Wesfarmers, the Australian owner of DIY chain Homebase, has seen its share price drop almost 5% following news that 2,000 Homebase staff could be axed and up to 40 UK stores shut.
Wesfarmers, which owns Homebase’s parent firm Bunnings UK, said today that trading at the chain had been “poor” as it revealed a £454m impairment charge linked to its acquisition of the retailer.
In a statement to the stock market, Wesfarmers managing director Rob Scott said. “The Homebase acquisition has been below our expectations which is obviously disappointing.
“In light of this, a review of Bunnings UK has commenced to identify the actions required to improve shareholder returns,”
The group also confirmed that between 20 and 40 of the worst performing Homebase stores could be shut. Homebase operates from 250 stores across the county and employs 12,000 in total in the UK.

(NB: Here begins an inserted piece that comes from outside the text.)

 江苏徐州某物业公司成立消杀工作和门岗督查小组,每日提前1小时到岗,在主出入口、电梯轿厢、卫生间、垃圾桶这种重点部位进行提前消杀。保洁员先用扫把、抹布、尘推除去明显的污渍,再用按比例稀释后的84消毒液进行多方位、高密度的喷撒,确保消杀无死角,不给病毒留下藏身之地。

Poor trading at Homebase is expected to drag Bunnings into an underlying loss of £97m for the first half of the year, Wesfarmers confirmed.

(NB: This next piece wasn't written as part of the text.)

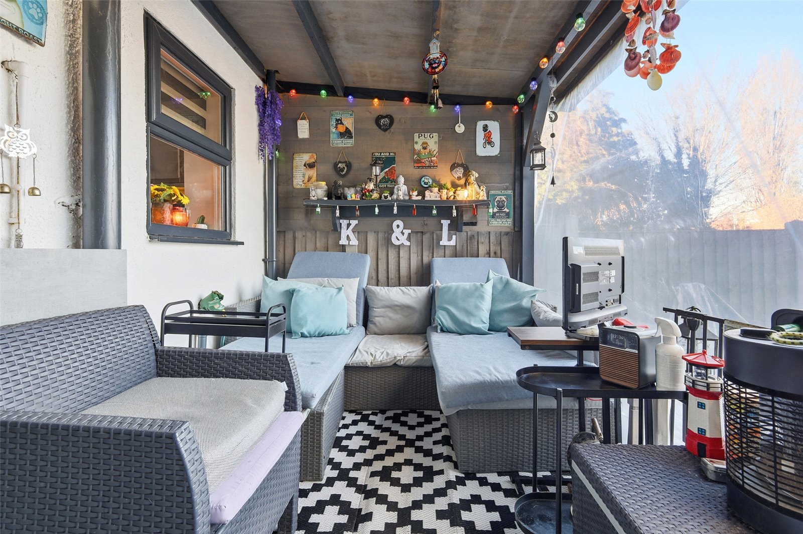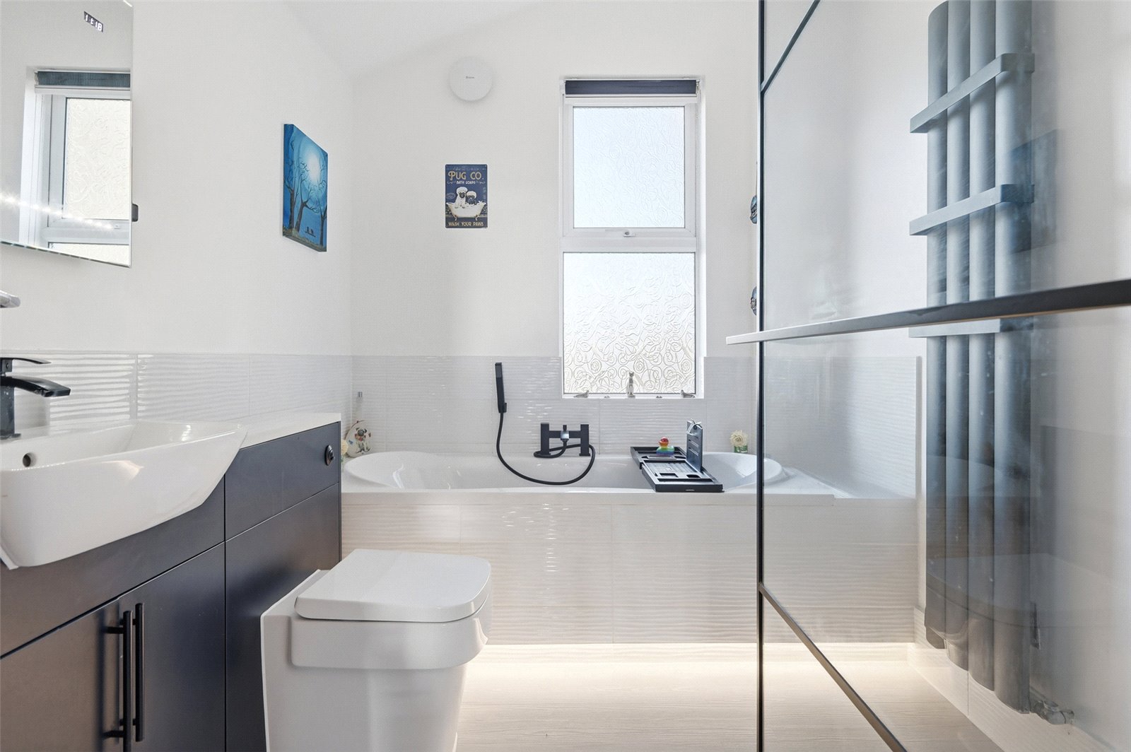 UPVC double obscured glazed window to rear. Bathroom is fitted with a modern and contemporary four piece suite comprising low flush WC, countertop wash basin with mixer tap and storage cupboards beneath. Panelled bath with central bath filler mixer tap and detachable showerhead. Larger than average walk in shower enclosure with wall mounted mixer, rainfall showerhead plus further detachable showerhead and Crittall effect shower screen. Contemporary heated towel rail. Wall mounted vanity mirror with integrated LED lighting, clock feature and electric shaver charging point. Wood effect vinyl flooring. Part tiled walls. Smooth plastered ceiling with recessed LED lighting. Wall mounted extractor fan.

“We need to address underperformance in our portfolio that is detracting from positive performance in other areas, and the announcement today sets out decisive actions to achieve this,” Scott added.

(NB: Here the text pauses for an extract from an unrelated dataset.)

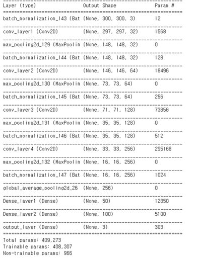 - keras.preprocessing.image의 ImageDataGenerator를 사용하여 이미지의 각 픽셀 값을 0~1로 변환 - 위와 같은 외부 정규화 방법을 사용하였을 때, 가장 좋은 성능을 보였던 모델의 성능 평가 - - - - Exploding gradient 문제를 해결하기 위해 tensorflow.keras.layer의 Batch Normalization 사용 - Batch Normalization : 각 레이어에 들어가는 input을 정규화하여 학습을 가속하며, Vanishing / Exploding gradient 문제를 해결하기 위한 방법 - 위와 같은 레이어 구조에서 Batch Normalizastion을 사용한 모델의 성능 평가 - - -

Bunnings acquired Homebase in 2016 in a £340m deal and has been attempting to reinvigorate the brand.
As well as refurbishing selected stores and competing harder on prices, Homebase is in the process of being rebranded as Bunnings.
Wesfarmers said that its review will evaluate the performance of rebranded pilot stores to “inform the future plans for Bunnings UK”.
In addition, Peter ‘PJ’ Davis, managing director Bunnings UK & Ireland, who lead the move into the UK, is to retire from the business with Damian McGloughlin taking his place.